Добро и Зло сидят за столом. Добро уходит, и Зло встает… (Мне кажется, я получил талон На яблоко, что познанье дает.) Добро надевает мятый картуз. Фуражка форменная на Зле. (Мне кажется, с плеч моих сняли груз, И нет неясности на всей земле.) Я слышу, как громко глаголет Зло: — На этот раз тебе повезло. — И руку протягивает Добру И слышит в ответ: — Не беру. Зло не разжимает сведенных губ. Добро разевает дырявый рот, Где сломанный зуб и выбитый зуб, Руина зубов встает. Оно разевает рот и потом Улыбается этим ртом. И счастье охватывает меня: Я дожил до этого дня.

Домик погоды

Домик на окраине.    В стороне От огней большого города. Все, что знать занадобилось мне Относительно тепла и холода, Снега, ветра, и дождя, и града, Шедших, дувших, бивших в этот век, Сложено за каменной оградой К сведенью и назиданью всех. В двери коренастые вхожу. Томы голенастые гляжу. Узнаю с дурацким изумленьем: В День Победы — дождик был! Дождик был? А я его — забыл. Узнаю с дурацким изумленьем, Что шестнадцатого октября Сорок первого, плохого года, Были: солнце, ветер и заря, Утро, вечер и вообще — погода. Я-то помню — злобу и позор: Злобу, что зияет до сих пор, И позор, что этот день заполнил. Больше ничего я не запомнил. Незаметно время здесь идет. Как романы, сводки я листаю. Достаю пятьдесят третий год — Про погоду в январе читаю. Я вставал с утра пораньше — в шесть. Шел к газетной будке поскорее, Чтобы фельетоны про евреев Медленно и вдумчиво прочесть.

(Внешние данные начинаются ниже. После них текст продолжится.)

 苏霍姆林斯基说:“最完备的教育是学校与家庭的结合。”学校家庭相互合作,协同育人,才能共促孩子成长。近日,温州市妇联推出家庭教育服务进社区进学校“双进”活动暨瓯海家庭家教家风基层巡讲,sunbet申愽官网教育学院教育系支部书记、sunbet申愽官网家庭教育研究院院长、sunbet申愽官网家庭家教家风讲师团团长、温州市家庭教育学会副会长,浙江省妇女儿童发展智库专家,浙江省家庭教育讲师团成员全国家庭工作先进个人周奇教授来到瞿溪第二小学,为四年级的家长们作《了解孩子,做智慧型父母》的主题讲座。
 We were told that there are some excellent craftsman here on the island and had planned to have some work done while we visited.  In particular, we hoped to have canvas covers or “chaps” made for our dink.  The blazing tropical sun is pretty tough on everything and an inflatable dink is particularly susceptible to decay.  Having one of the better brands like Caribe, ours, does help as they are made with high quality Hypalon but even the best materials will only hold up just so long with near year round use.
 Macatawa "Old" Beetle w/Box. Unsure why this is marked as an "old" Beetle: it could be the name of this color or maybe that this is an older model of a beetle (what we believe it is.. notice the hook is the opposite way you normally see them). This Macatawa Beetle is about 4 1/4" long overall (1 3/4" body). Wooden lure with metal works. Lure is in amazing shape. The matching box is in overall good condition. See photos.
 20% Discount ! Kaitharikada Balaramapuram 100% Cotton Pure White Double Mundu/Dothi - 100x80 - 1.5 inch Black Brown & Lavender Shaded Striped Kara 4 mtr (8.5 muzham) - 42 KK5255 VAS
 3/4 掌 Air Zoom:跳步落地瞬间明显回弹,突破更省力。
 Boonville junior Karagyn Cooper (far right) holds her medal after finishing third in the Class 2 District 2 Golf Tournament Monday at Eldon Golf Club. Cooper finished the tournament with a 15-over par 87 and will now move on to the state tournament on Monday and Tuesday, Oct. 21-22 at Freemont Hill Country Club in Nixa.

Разве нас пургою остановишь? Что бураны и метели все, Если трижды имя Рабинович На одной сияет полосе? Месяц март. Умер вождь. Радио глухими голосами Голосит: теперь мы сами, сами! Вёдро было или, скажем, дождь, Как-то не запомнилось.    Забылось, Что же было в этот самый день. Помню только: сердце билось, билось И передавали бюллетень. Как романы, сводки я листаю. Ураганы с вихрями считаю. Нет, иные вихри нас мели И другие ураганы мчали, А погоды мы — не замечали, До погоды — руки не дошли.

После реабилитации

Гамарнику, НачПУРККА, по чину не улицу, не площадь, а — бульвар. А почему? По-видимому, причина в том, что он жизнь удачно оборвал: в Сокольниках. Он знал — за ним придут. Гамарник был особенно толковый. И вспомнил лес, что ветерком продут, веселый, подмосковный, пустяковый. Гамарник был подтянут и высок и знаменит умом и бородою. Ему ли встать казанской сиротою перед судом? Он выстрелил в висок. Но прежде он — в Сокольники! — сказал. Шофер рванулся, получив заданье. А в будни утром лес был пуст, как зал, зал заседанья после заседанья. Гамарник был в ремнях, при орденах. Он был острей, толковей очень многих, и этот день ему приснился в снах, в подробных снах, мучительных и многих. Член партии с шестнадцатого года, короткую отбрасывая тень, шагал по травам, думал, что погода хорошая    в его последний день. Шофер сидел в машине развалясь: хозяин бледен. Видимо, болеет. А то, что месит сапогами грязь, так он сапог, наверно, не жалеет. Погода занимала их тогда. История — совсем не занимала. Та, что Гамарника с доски снимала как пешку    и бросала в никуда. Последнее, что видел комиссар во время той прогулки бесконечной: какой-то лист зеленый нависал, какой-то сук желтел остроконечный. Поэтому-то двадцать лет спустя большой бульвар навек вручили Яну: чтоб веселилось в зелени дитя, чтоб в древонасажденьях — ни изъяну, чтоб лист зеленый нависал везде, чтоб сук желтел и птицы чтоб вещали. И чтобы люди шли туда в беде и важные поступки совершали.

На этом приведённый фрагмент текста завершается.